Key recommendations from the Final Report of the ALRC into class action proceedings

On Friday 25 January 2019, the Final Report of the Australian Law Reform Commission (ALRC) inquiry into class action proceedings and third-party litigation funders was tabled in Federal Parliament.

The 339 page report made a number of recommendations that reflect the current class action landscape where shareholder claims have come to dominate the number of class actions commenced and also the role that third-party litigation funders play in funding such actions. The terms of reference of the inquiry required a focus on the adequate regulation of conflicts of interest between litigation funders, lawyers and plaintiffs, the desirability of imposing prudential requirements on litigation funders and the adequacy of regulation around the costs charged by solicitors in funded litigation.

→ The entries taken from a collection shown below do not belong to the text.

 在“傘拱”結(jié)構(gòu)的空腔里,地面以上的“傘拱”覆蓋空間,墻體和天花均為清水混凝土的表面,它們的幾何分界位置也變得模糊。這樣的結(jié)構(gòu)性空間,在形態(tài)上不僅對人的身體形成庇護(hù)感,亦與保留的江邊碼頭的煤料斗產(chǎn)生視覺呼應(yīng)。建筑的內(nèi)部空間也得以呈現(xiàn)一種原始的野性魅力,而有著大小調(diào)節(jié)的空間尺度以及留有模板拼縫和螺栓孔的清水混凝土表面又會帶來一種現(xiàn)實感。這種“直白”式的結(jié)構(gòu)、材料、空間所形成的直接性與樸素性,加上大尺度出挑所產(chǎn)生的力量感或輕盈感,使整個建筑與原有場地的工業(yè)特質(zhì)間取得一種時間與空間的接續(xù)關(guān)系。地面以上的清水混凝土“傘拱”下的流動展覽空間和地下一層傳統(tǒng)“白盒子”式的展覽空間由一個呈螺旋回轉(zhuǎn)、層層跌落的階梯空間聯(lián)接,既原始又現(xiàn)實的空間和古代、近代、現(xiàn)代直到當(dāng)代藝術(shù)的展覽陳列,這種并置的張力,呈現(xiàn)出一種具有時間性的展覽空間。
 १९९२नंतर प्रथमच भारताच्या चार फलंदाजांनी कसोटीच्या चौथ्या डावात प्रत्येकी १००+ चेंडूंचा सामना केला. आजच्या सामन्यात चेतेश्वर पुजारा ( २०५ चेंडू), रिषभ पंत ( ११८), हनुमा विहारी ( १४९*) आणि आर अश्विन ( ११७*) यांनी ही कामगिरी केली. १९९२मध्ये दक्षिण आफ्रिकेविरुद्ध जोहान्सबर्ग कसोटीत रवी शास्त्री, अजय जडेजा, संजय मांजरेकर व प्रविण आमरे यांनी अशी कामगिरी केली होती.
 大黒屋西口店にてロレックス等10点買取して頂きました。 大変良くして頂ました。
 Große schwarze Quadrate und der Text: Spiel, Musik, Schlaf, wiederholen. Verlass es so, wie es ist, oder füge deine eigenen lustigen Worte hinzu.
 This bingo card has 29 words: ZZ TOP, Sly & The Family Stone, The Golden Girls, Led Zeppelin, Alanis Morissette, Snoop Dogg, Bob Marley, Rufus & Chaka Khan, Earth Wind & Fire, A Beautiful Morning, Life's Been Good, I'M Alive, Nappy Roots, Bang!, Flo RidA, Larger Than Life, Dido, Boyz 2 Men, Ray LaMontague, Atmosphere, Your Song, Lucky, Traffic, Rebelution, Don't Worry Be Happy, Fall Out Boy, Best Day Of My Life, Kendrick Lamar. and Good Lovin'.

The report contains a number of recommendations that deal with much of the uncertainty that has arisen with the class action regime in recent years:

  • the Federal Court (the Court) should have exclusive jurisdiction for shareholder class action matters;
  • class actions must be initiated as open class, thereby enabling all victims of the civil wrong to participate, however, criteria is to be provided where it is appropriate for the Court to order class closure;
  • aligned to the above recommendation, the Court be provided with power to make common fund orders where all class members share in the cost of the claim;
  • the Court be given power to resolve competing class actions to ensure wherever possible there is a single class action to litigate a claim;
  • while the ALRC has not recommended the licensing of litigation funders, it has recommended that they be required to report annually to ASIC on their compliance with the requirement to implement adequate practices and procedures to manage conflicts of interest;
  • in addition to the above, some of the other recommendations enable the Court to take greater supervision of litigation funders;
  • there be a statutory presumption that litigation funders will provide security for costs;
  • the Court has powers to award costs against third-party litigation funders and insurers directly;
  • third party litigation funding agreements are subject to the approval of the Court, who also has powers to reject, vary or amend the terms of such agreements.  In addition, such agreements are required to provide for a complete indemnity against an adverse costs order;
  • solicitors acting for the representative plaintiff should be allowed to enter into ‘percentage-based fee arrangements’ (contingency fees) subject to the approval of the Court, however, such arrangements would be subject to a presumption that the solicitors would provide security for costs;
  • there be specialist accreditation for class action lawyers overseen by the Law Council of Australia;
  • solicitors and law firms be prohibited from acting in a matter where the matter is being funded by a litigation funder that they have a financial interest in; and
  • potential class members be provided with details of any conflicts of interests by legal representatives.

Importantly, the ALRC has also recommended that a review be undertaken of the economic impact of the operation, enforcement and effects of the continuous disclosure obligations and misleading and deceptive conduct laws having noted similar regimes in other jurisdictions.

It is now up to the government to decide whether it will introduce any of these recommendations prior to the upcoming Federal Election.